By Jed Horowitz
NEW YORK (Reuters) - Morgan Stanley, which has made a bigger bet on wealth management than any other major U.S. investment or commercial bank, said third-quarter pretax profit at its wealth unit more than doubled to $430 million from last year on asset management fees that hit $1.9 billion.
Profit margin, an internal benchmark that Chief Executive James Gorman has promoted as his measure of success in wealth management, more than doubled from last year to 19 percent, flat with this year's second quarter. The measure had stubbornly stayed in single digits for several years despite Gorman's initial prediction of at least a 20 percent margin.
Pretax profit in the business rose 187 percent from a year ago and 32 percent from this year's second quarter to $430 million on revenue that increased 8 percent from a year ago to $3.48 billion. Total expenses for the wealth unit fell 5 percent from a year ago and 2 percent from the second quarter as spending on integrating Smith Barney ebbed.

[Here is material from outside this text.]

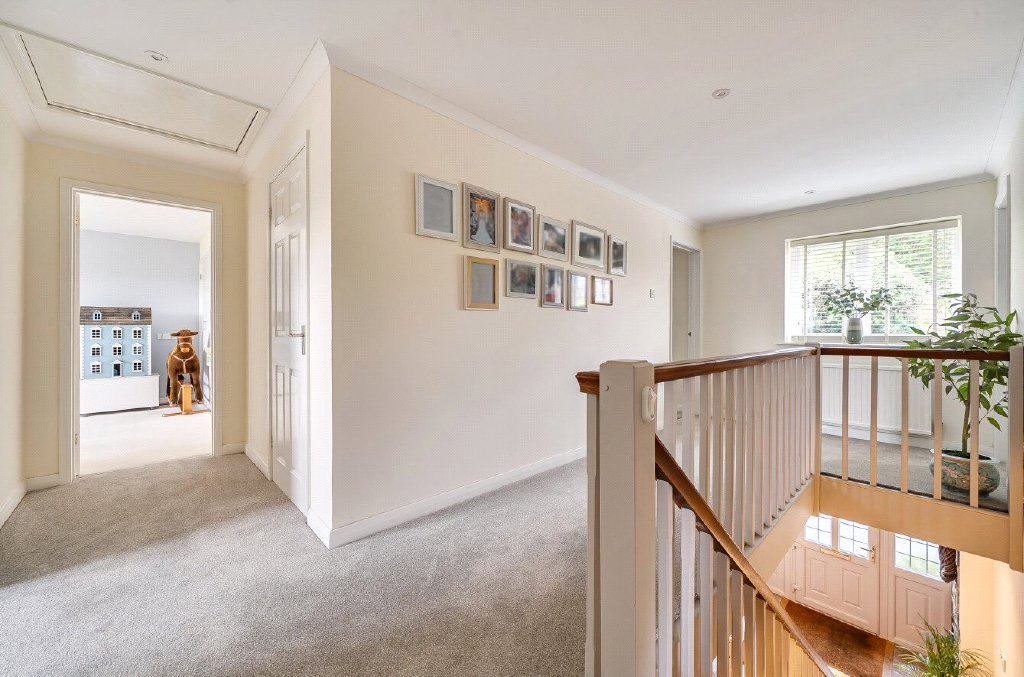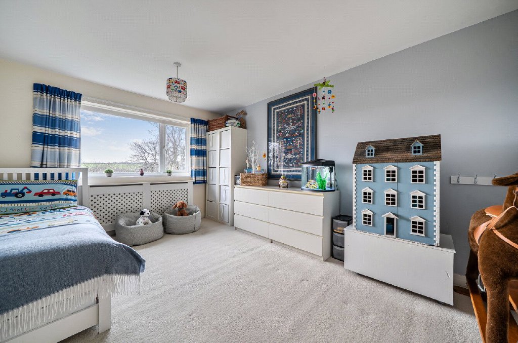 Outside, a large, gated driveway and double garage with electric doors provide ample parking for multiple vehicles, while the sweeping rear lawn, bordered by mature trees – including three spectacular magnolias – and established planting, draws the eye towards truly beautiful countryside views. They say, ‘south-east facing, we’ve never grown tired of the outlook in all the years we’ve lived here – it’s something we quickly fell in love with and have enjoyed throughout the seasons.’

The July-to-September quarter, typically a sluggish period in retail brokerage, was the first in which Morgan Stanley owned 100 percent of the former Smith Barney after buying Citigroup's remaining 35 percent interest in the joint venture at the end of June. In last year's third quarter, Morgan Stanley shared
$9 million of the unit's profit with Citigroup.

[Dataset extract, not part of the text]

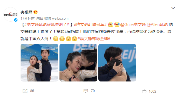 据央视网微博报道,在比赛过程中,解说因感动曾一度哽咽:捻转4周托举!他们并肩作战走过15年,百炼成钢化为绕指柔,这就是中国双人滑!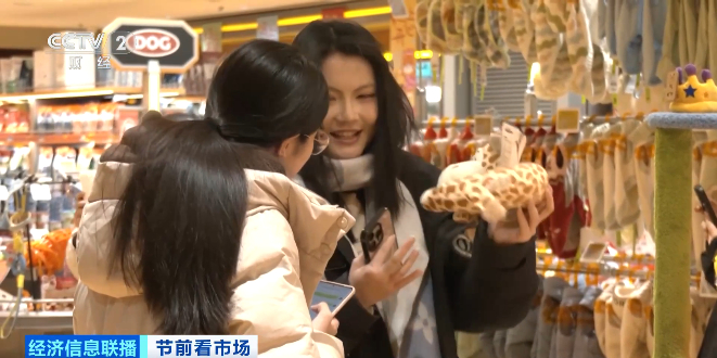 在位于北京朝阳区的一家宠物用品超市,只见店内人头攒动,携宠前来置办年货的“家长”比比皆是。

The third-quarter report showed success in virtually every part of the company's strategic plan to book steady fee income from rich people to offset the volatility of its trading and investment banking businesses.

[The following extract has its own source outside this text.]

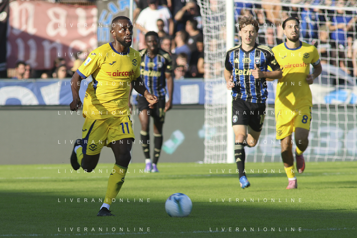 Jean-Daniel Akpa Akpro of Hellas Verona FC play the ball withduring Pisa SC vs Hellas Verona FC, 7° Serie A Enilive 2025-26 game at Arena Garibaldi - Romeo Anconetani stadium in Pisa (PI), Italy, on October 18, 2025. (Photo by Davide Casentini) AG ALDO LIVERANI SAS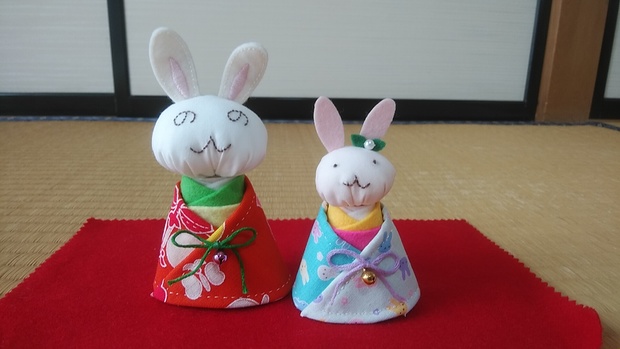 オリジナルの作品です。すべて手縫いです。ちなみに大きいウサギが着ているのは、私が子供の頃(昭和50年頃)の着物です。

At the end of the third quarter, about 36 percent of client assets in the wealth division were in fee-based programs, up about one percentage point from June 30. The unit's total assets rose 8 percent from a year ago to $1.8 trillion and were up 3 percent from the second quarter.
Morgan Stanley's focus on wealthy families and individuals and its use of bonus and incentive plans for its brokers also bore fruit. Assets of clients with $10 million or more increased 20 percent from a year ago and 4 percent from the second quarter to $631 billion, or 35 percent of total assets.
Traditional trading commissions, which are being de-emphasized by big brokerages, nevertheless rose 16 percent from a year ago and 42 percent from this year's second quarter to $317 million.
Even the units brokerage force, which industry-wide has been falling as firms cull low producers, inched up 1 percent from a year earlier - and from this year's second quarter - to 16,517, confirming Morgan Stanley's status as the biggest U.S. brokerage.
On Wednesday, Bank of America's Merrill Lynch wealth division reported that its broker count fell almost 7 percent from a year ago to just over 14,000 as of September 30.
The wealth management unit at Morgan Stanley contributed 43.8 percent of the company's total revenue of $7.9 billion and 49.8 percent of its $1.3 billion pretax profit from continuing operations.
That positions wealth as the largest profit generator of the company's three main businesses, which also include institutional securities and investment management.
(The story has been filed again to correct profit in the first paragraph.)